The challenge is to keep up with the times, as was best said by the
father of English literature, Geoffrey Chaucer, who wrote: “The lyf so short,
the craft so long to lerne”.
And the modern communication demands created by thumb-typed
WhatsApps with predictive text make spelling changes happen even faster.

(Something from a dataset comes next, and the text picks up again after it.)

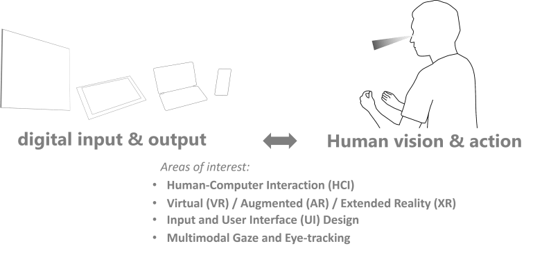 My research interests lie in the area of human-computer interaction, UI design, adaptive systems and eye-tracking. I am interested in the exploration of experimental and radically novel interface designs of the future, and rethinking how existing devices and interfaces can be augmented by integrating new technologies and sensors. This includes the design of interaction techniques for tablet computers, multimodal and AI-driven systems, virtual and augmented reality, in the pursuit to explore new interactive capabilities to empower users.
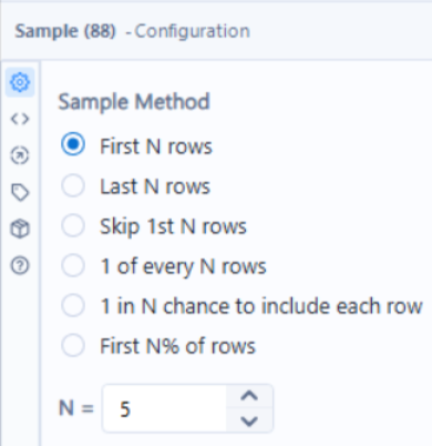 Lastly, as we only want to keep the top 5 countries with the highest average generosity factor over the 2-year period, the sample tool is used to keep the first N rows where N = 5.

My solution is to stop any further literary obeisancies to old
spelling guidelines like “i before e except after c”, as this mnemonic is
neither sufficient nor scientific and is supported only by a weird species who
fear foreign words — as each of the words containing an “i” after an “e” before
the “c” in this sentence shows.
English spelling has always been a mess since it began life as a
pidgen Germanic language before spelling Nazis tried to force it into a Latin
toga.
Many Witness readers
will recall an e-mail that is still doing the rounds, which calls for English to
be Germanified. While that e-mail is funny for all native English speakers, it
makes a lot of sense to everyone who came to English spelling from another
mother tongue. It really would save the world a lot of bother if we could all
agree to write words like they sound. This makes even more sense in South
Africa, where our 11 languages and many more local accents turn the watery soup
that is the Queen’s language into a thick broth.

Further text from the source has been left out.